The elections took place against the backdrop of a dramatic economic crisis and an inflation rate of over 100 percent, one of the highest in the world. Argentina has been run down by statists for decades and is now one of the most economically unfree countries in the world. In the Heritage Foundation’s 2023 Index of Economic Freedom, Argentina ranks 144th out of 177 countries. Even in Latin America, only a few countries (first and foremost Venezuela) are less economically free than Argentina. For comparison: Chile, although its position has worsened since the socialist Gabriel Boric came to power in March 2022, is still the 22nd most economically free country in the world and Uruguay is 27th (the United States is 25th).

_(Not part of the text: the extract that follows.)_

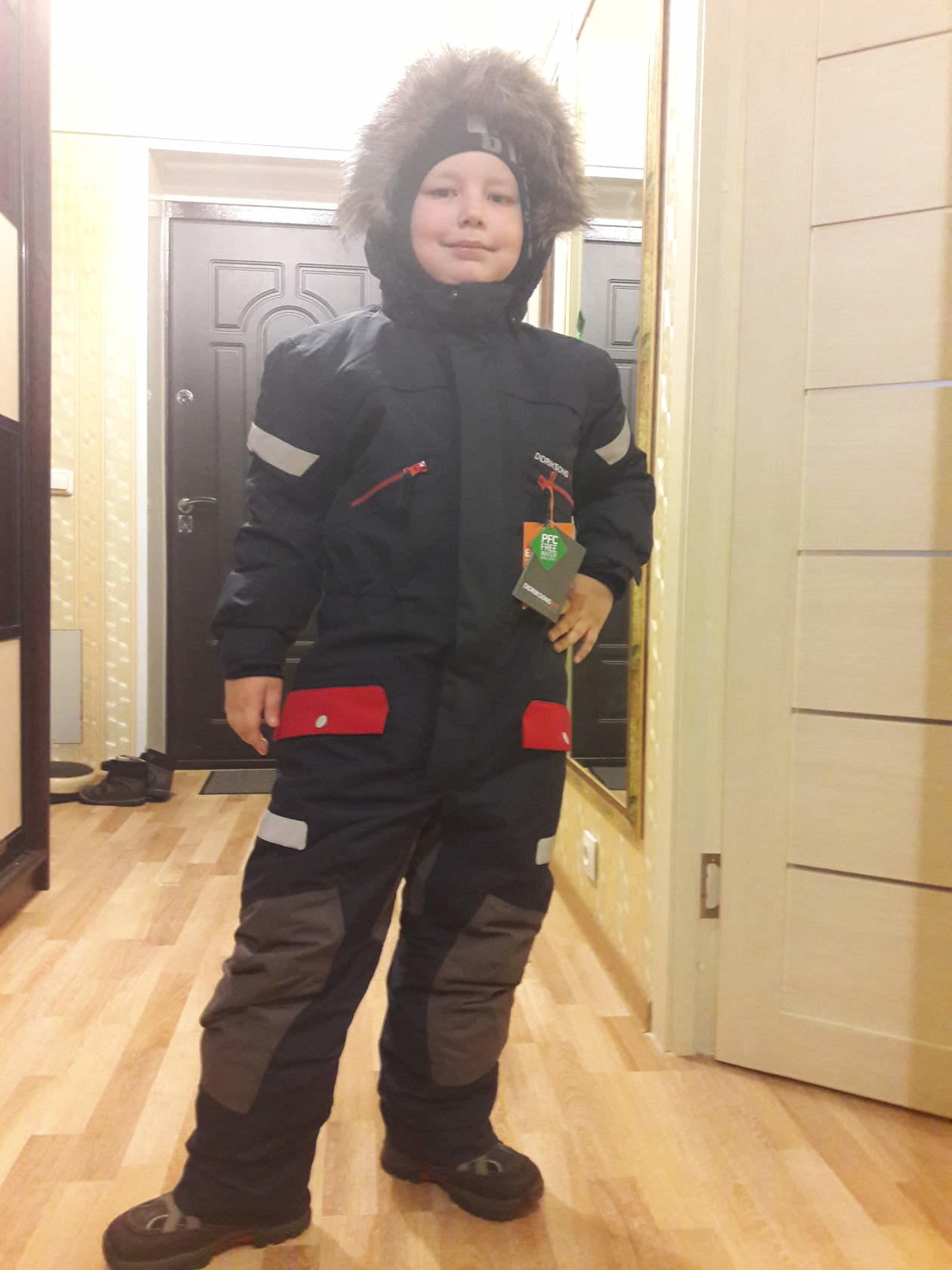 Хвастаемся и мы... Детский комбез BJO**RNEN - просто супер. Начало зимнего сезона - мокрый снег, ветер - сынуля сухой и теплый, на рост 116 - взяли 120, он большемерит на размер, штанины подвернули, молния закрыта защитной планкой, в рукавах манжеты, я довольна, ткань легко очищается от грязи. Рекомендую - суперская вещь и в соотношении цена-качество.

But as far as popular opinion in Argentina is concerned, many Argentines have simply had enough of left-wing Peronism and are turning away from the statism that has dominated their country for decades. In a survey I conducted last year, Argentina was among the group of countries in which people were most supportive of the market economy. From April 12 to 20, 2022, I commissioned the opinion research institute Ipsos MORI to survey a representative sample of 1,000 Argentines on their attitudes toward the market economy and capitalism. The survey was also conducted in another 33 countries in Europe, Asia, the United States, Africa and Latin America. The result: In only 5 out of 34 countries (Poland, the United States, the Czech Republic, South Korea and Japan) is there even greater support for the market economy (see Figure 1: https://onlinelibrary.wiley.com/doi/full/10.1111/ecaf.12591)
This explains why an avowed fan of capitalism such as Javier Milei, Professor of Austrian Economics, has a chance of winning the elections in the country. Milei entered the election campaign calling for the abolition of Argentina’s central bank and for free competition between currencies, which would probably lead to the US dollar becoming the most popular means of payment. He also called for the privatisation of state-owned companies, the elimination of numerous subsidies, a reduction in taxes or the abolition of 90 percent of taxes and radical labour law reforms.
It will be interesting to see whether Argentines have enough patience for the urgently needed capitalist reforms that Milei has announced. After all, wherever capitalist reforms have been implemented, the situation has initially deteriorated before getting much better. This is because problems that were previously partially hidden (such as hidden unemployment) suddenly become obvious.
This was the case with Margaret Thatcher’s reforms in the UK, Ronald Reagan’s in the United States and Leszek Balcerowicz’s in Poland. All three admired the same economists that Milei holds in such great esteem, such as Friedrich August von Hayek and Ludwig von Mises. The reforms of these three politicians in the UK, United States and Poland dramatically improved the lives of the people in their countries, but only after conditions initially got worse. Hopefully Argentina, which has been so badly mismanaged over the last 100 years, is now going to get the fresh start it deserves.